--- EXTRACTED ENTRIES ---
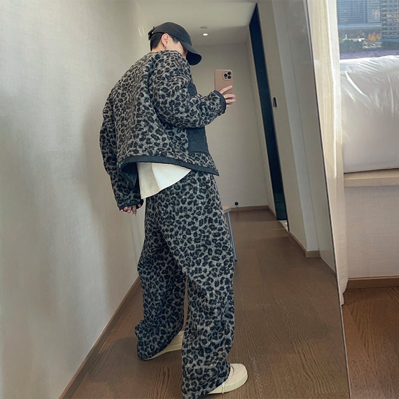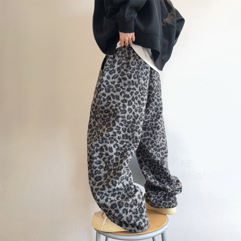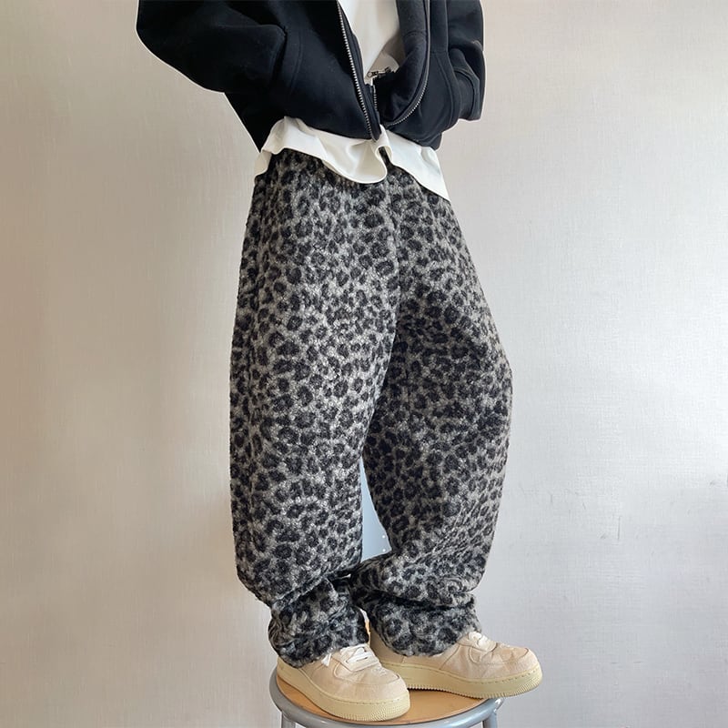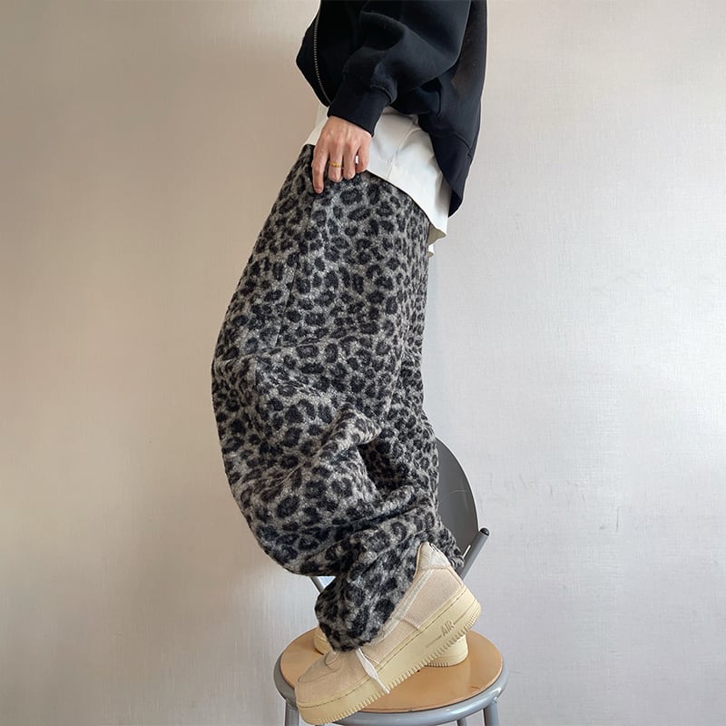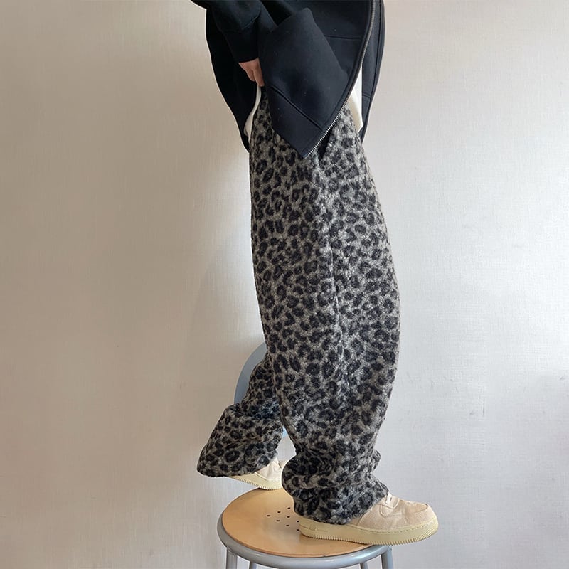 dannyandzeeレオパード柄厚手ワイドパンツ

* * *

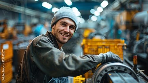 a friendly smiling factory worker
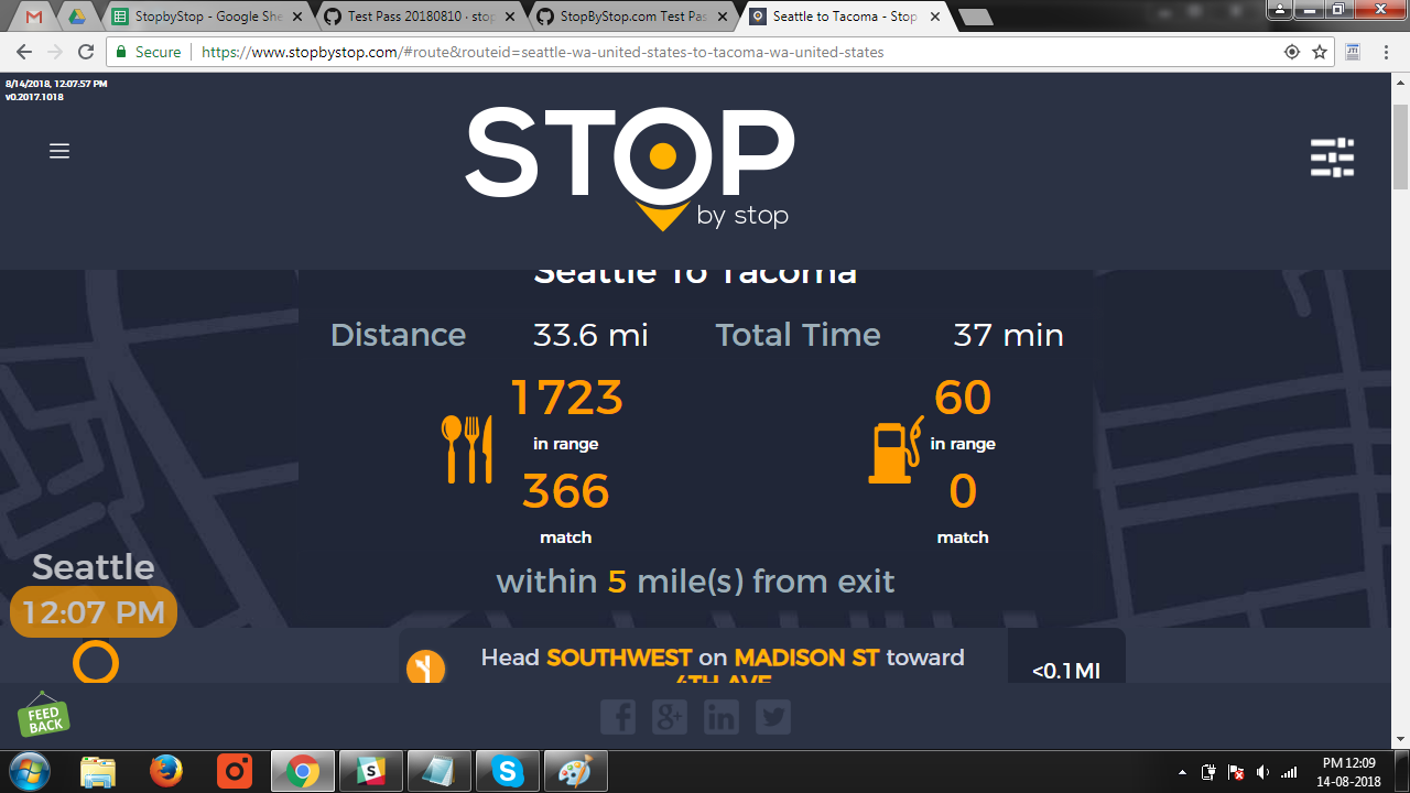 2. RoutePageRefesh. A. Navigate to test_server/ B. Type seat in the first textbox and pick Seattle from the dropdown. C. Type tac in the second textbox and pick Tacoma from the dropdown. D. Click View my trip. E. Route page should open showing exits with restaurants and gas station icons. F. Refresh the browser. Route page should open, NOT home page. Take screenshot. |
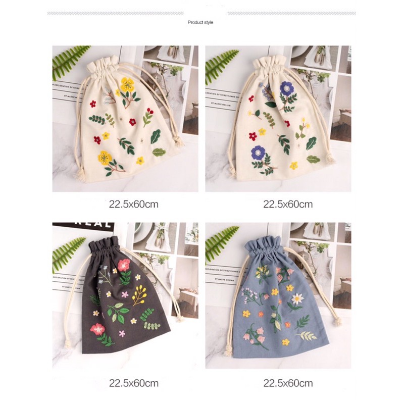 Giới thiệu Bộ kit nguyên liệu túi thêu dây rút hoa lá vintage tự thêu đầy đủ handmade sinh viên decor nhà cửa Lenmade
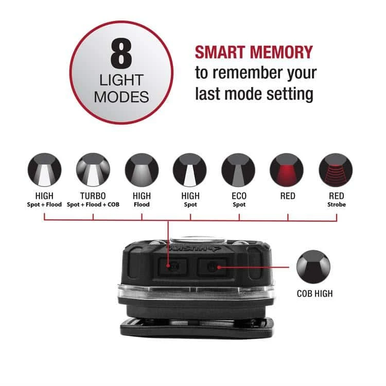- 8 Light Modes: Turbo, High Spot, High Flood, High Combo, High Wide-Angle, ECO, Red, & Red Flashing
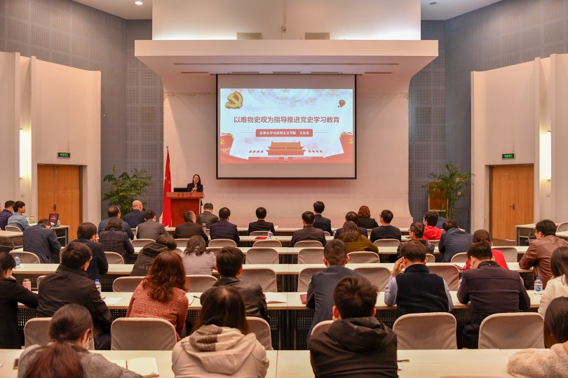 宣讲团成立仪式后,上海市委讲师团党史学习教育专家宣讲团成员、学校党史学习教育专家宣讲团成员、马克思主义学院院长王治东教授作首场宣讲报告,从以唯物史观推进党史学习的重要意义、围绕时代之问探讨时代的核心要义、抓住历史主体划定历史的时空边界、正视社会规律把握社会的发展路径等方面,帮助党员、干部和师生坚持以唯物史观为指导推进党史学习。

---

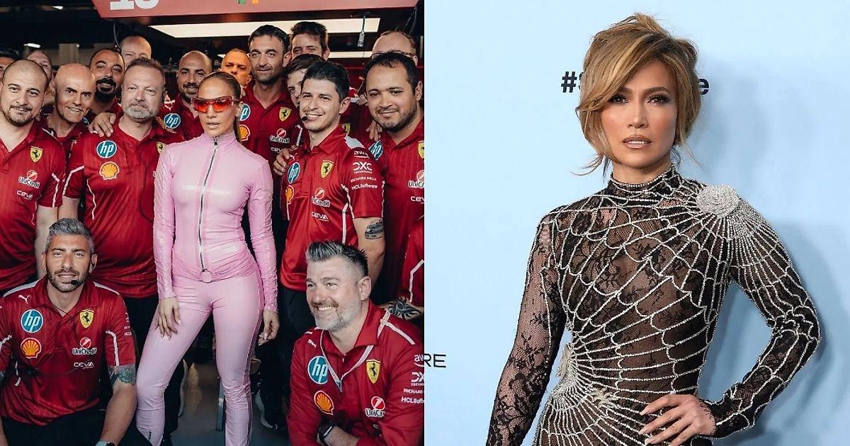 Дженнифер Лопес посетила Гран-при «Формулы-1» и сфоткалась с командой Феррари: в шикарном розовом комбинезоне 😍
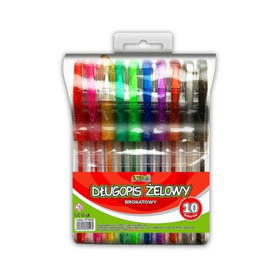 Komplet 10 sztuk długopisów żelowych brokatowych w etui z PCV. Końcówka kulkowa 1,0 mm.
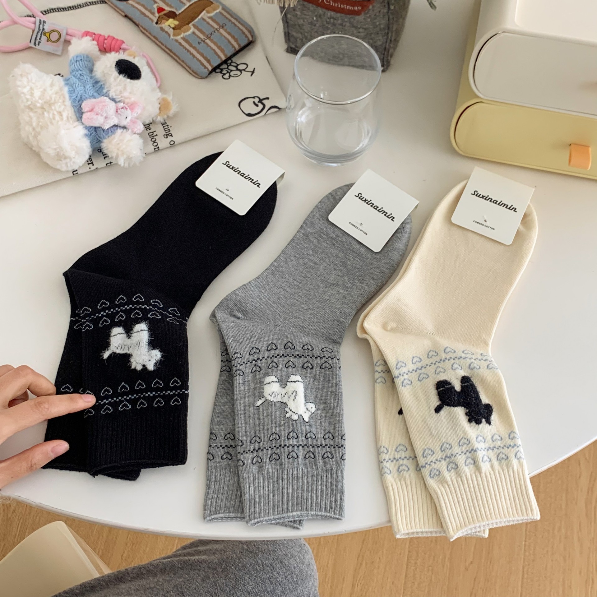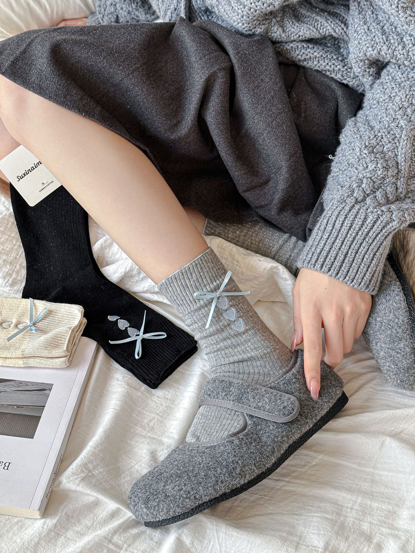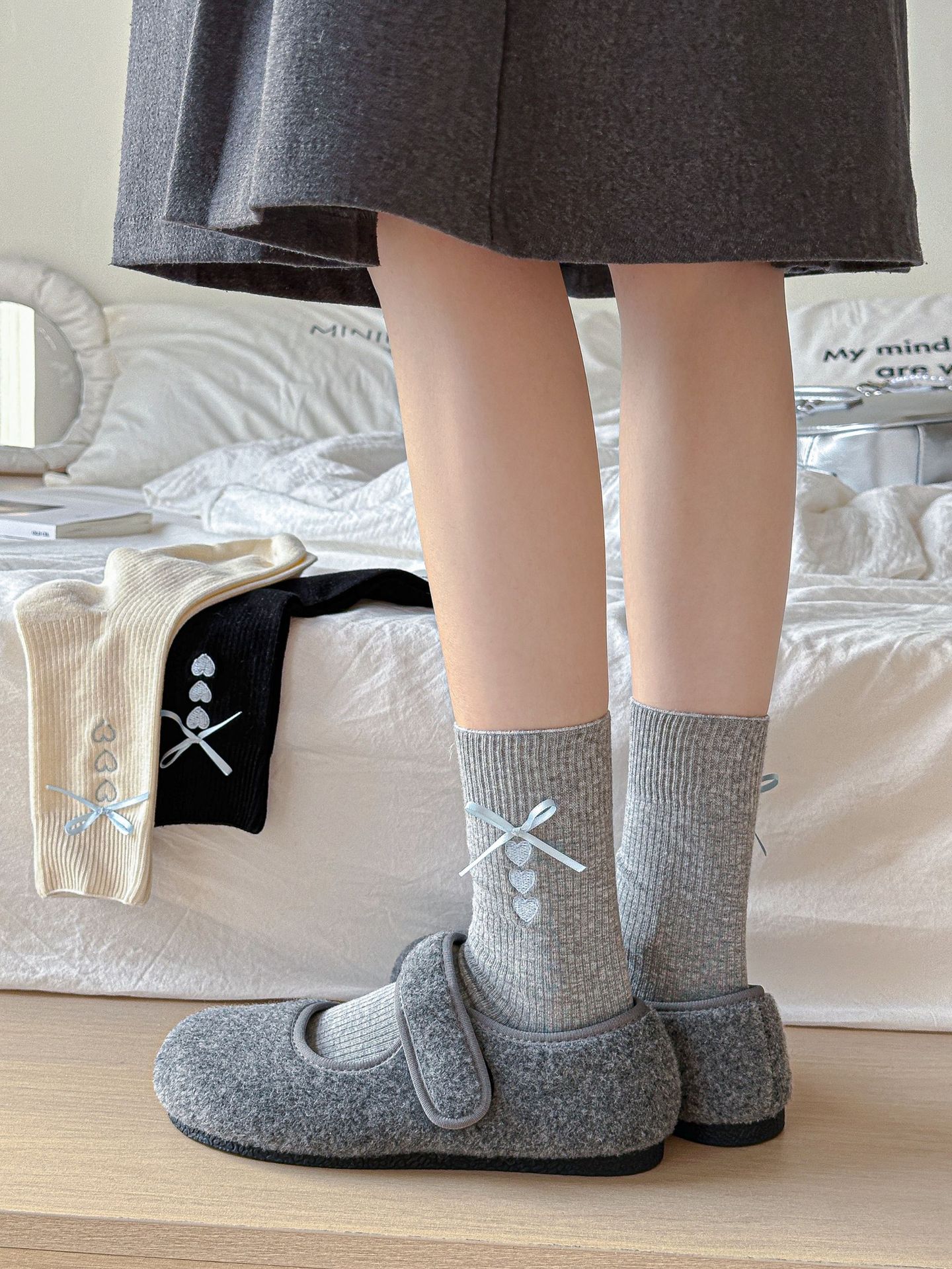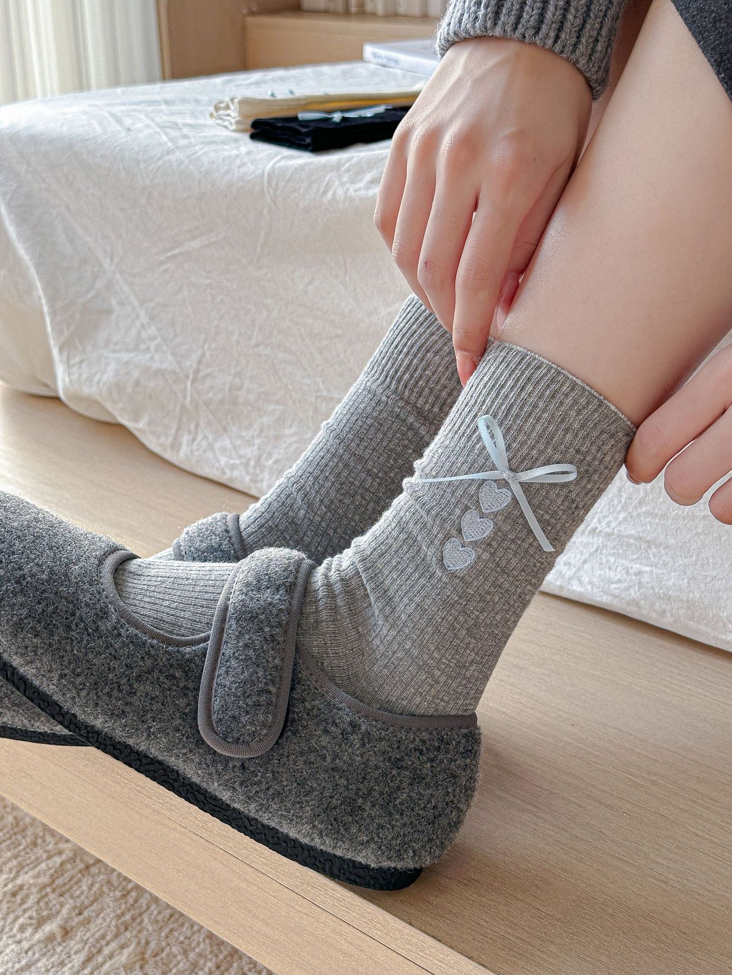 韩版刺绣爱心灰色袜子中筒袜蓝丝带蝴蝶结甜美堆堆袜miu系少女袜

--- BRIEF ---
Above is the material; set down exactly its lines from the one containing "Giới thiệu Bộ" down to the one containing "宣讲团成立仪式后,上海市委讲", both included, leaving out any pictures.

--- EXPECTED ANSWER ---
 Giới thiệu Bộ kit nguyên liệu túi thêu dây rút hoa lá vintage tự thêu đầy đủ handmade sinh viên decor nhà cửa Lenmade
- 8 Light Modes: Turbo, High Spot, High Flood, High Combo, High Wide-Angle, ECO, Red, & Red Flashing
 宣讲团成立仪式后,上海市委讲师团党史学习教育专家宣讲团成员、学校党史学习教育专家宣讲团成员、马克思主义学院院长王治东教授作首场宣讲报告,从以唯物史观推进党史学习的重要意义、围绕时代之问探讨时代的核心要义、抓住历史主体划定历史的时空边界、正视社会规律把握社会的发展路径等方面,帮助党员、干部和师生坚持以唯物史观为指导推进党史学习。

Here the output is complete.